One challenge I’ve continued to have is figuring out how to use the models on Huggingface.
There are usually Python snippets to “run” models that often seem to require GPUs and always seem to run into some sort of issues when trying to install the various Python dependencies.
Today, I learned how to run model inference on a Mac with an M-series chip using llama-cpp
and a gguf
file built from safetensors
files on Huggingface.
Download and convert the model
For this example, we’ll be using the Phi-3-mini-4k-instruct by Microsoft from Huggingface.
You will also need git-lfs
, so install that first.
Llama-cpp generally needs a gguf
file to run, so first we will build that from the safetensors
files in the Huggingface repo.
This will take a while to run, so do the next step in parallel.
git clone https://huggingface.co/microsoft/Phi-3-mini-4k-instruct
Separately, pull down the code for llama-cpp and build it
git clone [email protected]:ggerganov/llama.cpp.git
cd llama.cpp
make
Create a virtualenv and install the dependencies for llama-cpp’s conversion scripts.
python -m venv .venv
. .venv/bin/activate
pip install -r requirements.txt
Now, let’s convert the safetensors
files into a gguf
.
From the llama.cpp
folder, run
python convert_hf_to_gguf.py ../models/Phi-3-mini-4k-instruct --outfile ../models/Phi-3-mini-4k-instruct-f16.gguf --outtype f16
Run inference
We’ve now generated the gguf
file.
Let’s run it.
Again, from the the llama.cpp
folder run
./llama-cli -m ../models/Phi-3-mini-4k-instruct-f16.gguf -cnv -ngl 80 -p "You are a helpful assistant"
This runs llama-cpp in the command line, in conversation mode (-cnv
), offloading the whole model to the GPU (-ngl 80
) and with a system prompt (-p
).
When everything is loaded, you’ll be given a command prompt to type into:
You are a helpful assistant
> Hi, who am I speaking with?
Hello! I'm Phi, your friendly AI assistant designed to help you with information and tasks. How can I assist you today?
> Who designed you?
I was created by Microsoft's team of engineers and researchers. They continuously work to improve my abilities and ensure I provide the best assistance possible.

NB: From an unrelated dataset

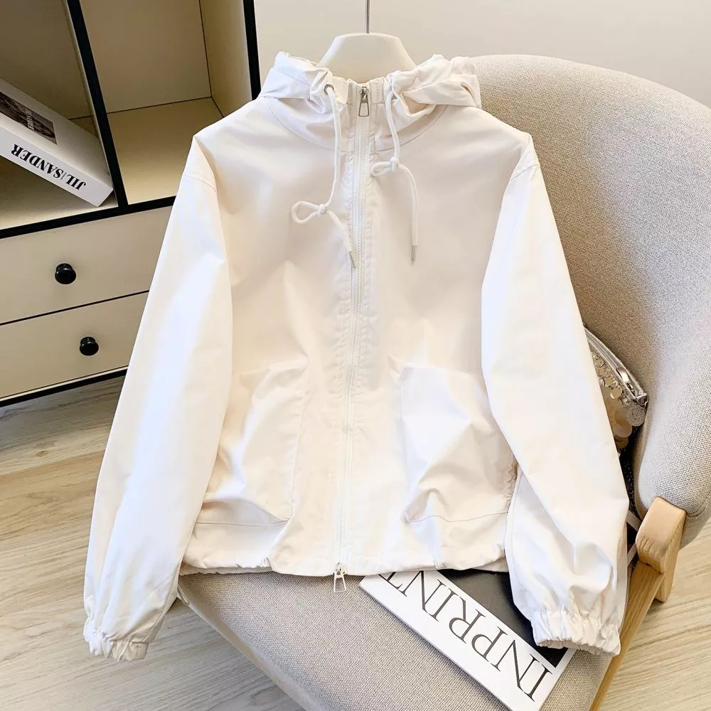Giacca Bianca Tecnica Leggera Cappuccio Stile Casual Quotidiano Donna CF58375

Llama-cpp also has a server that will locally host a UI that can be used for prompting the model.
./llama-server -m ../models/Phi-3-mini-4k-instruct-f16.gguf --port 8080
Run the model from ollama
Ollama is a user-friendly way to get up and running with local language model quickly.
Using a Modelfile
, we can expose the Phi-3 model we just downloaded and convert via ollama
.
In the models folder, create a file called phi-3-mini-4k-instruct.modelfile
containing
FROM ./Phi-3-mini-4k-instruct-f16.gguf
Then run:
ollama create phi-3-mini-4k-instruct -f phi-3-mini-4k-instruct.modelfile
which will output something like
transferring model data
using existing layer sha256:fe4c64522173db6b3dae84ae667f6a8ad9e6cbc767f37ef165addbed991b129d
using autodetected template zephyr
creating new layer sha256:86107d0be467af35235b1becfb7a10e9cd30cf88332325c66670d70c90ee82b1
writing manifest
success
You should see the new model show up in ollama
ollama list
NAME ID SIZE MODIFIED
phi-3-mini-4k-instruct:latest 945b0b26c95a 7.6 GB 35 seconds ago
Finally, run the model through ollama
โฏ ollama run phi-3-mini-4k-instruct
>>> Hi, who am I speaking with?
Hello! You're communicating with an AI assistant. How can I assist you today?
>>> Who created you?
I was crafted by Microsoft through a team of engineers and research scientists dedicated to
improving artificial intelligence technologies for various applications, including conversational
assistance like myself!
To clean things up (if you so choose), run
ollama rm phi-3-mini-4k-instruct:latest
Huge thanks to Vinny for his help getting this working!